MIRANDA: ¿Cómo llegamos a tierra?

PRÓSPERO: Por obra de la providencia divina. Teníamos algunos víveres y agua dulce, gracias a la caridad de Gonzalo, un noble de Nápoles a quien se encomendó la ejecución de esta medida, que nos surtió además de valiosos vestidos, lino, telas y otros objetos necesarios que tan útiles nos fueron después. Sabiendo él mi afición a los libros, me entregó de mi propia biblioteca algunos volúmenes que aprecio en más que mi ducado.

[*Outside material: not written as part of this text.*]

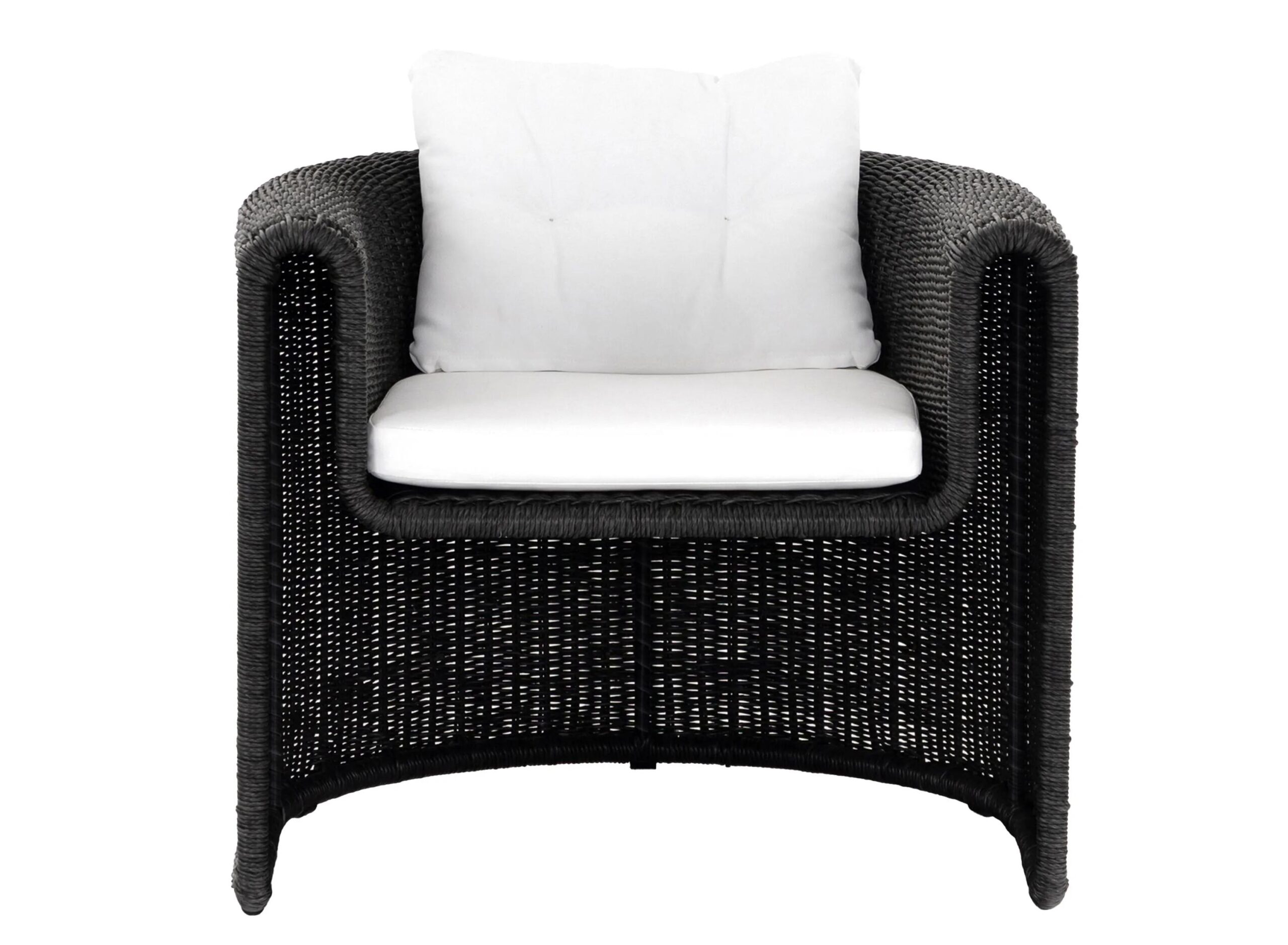 A nod to curvy Seventies styling, wicker framing forms a fluid sling-like shape with a waterfall arm and features durable tufted cushioning in this Tucson Woven Outdoor Chair. Cover or store indoors during inclement weather and when not in use.

La tempestad (1611), William Shakespeare

En 1991, el cineasta Peter Greenaway estrenó su película Los libros de Próspero: una versión muy bella y extravagante de la obra teatral La tempestad. Uno de los detalles más fascinantes de la película es la serie de textos, escritos por el propio Greenaway, que imaginan el contenido de los libros que Próspero lleva consigo a su exilio, y de los cuales –según la obra de teatro– aprende la magia que le permite vengarse de sus enemigos y regresar a su tierra. Lo que sigue es esa serie de textos: una lista de variaciones fantásticas que hablan al mismo tiempo de las obsesiones del cineasta –de la multiplicidad que es uno de los principios esenciales de su trabajo– y del mundo de Shakespeare. Uno y otro alternan momentos brutales y otros de enorme ternura.
      Quería reproducir una traducción más o menos reciente que encontré en una revista, pero en cuanto empecé a revisarla me di cuenta de que era pésima; por lo tanto, hice la mía.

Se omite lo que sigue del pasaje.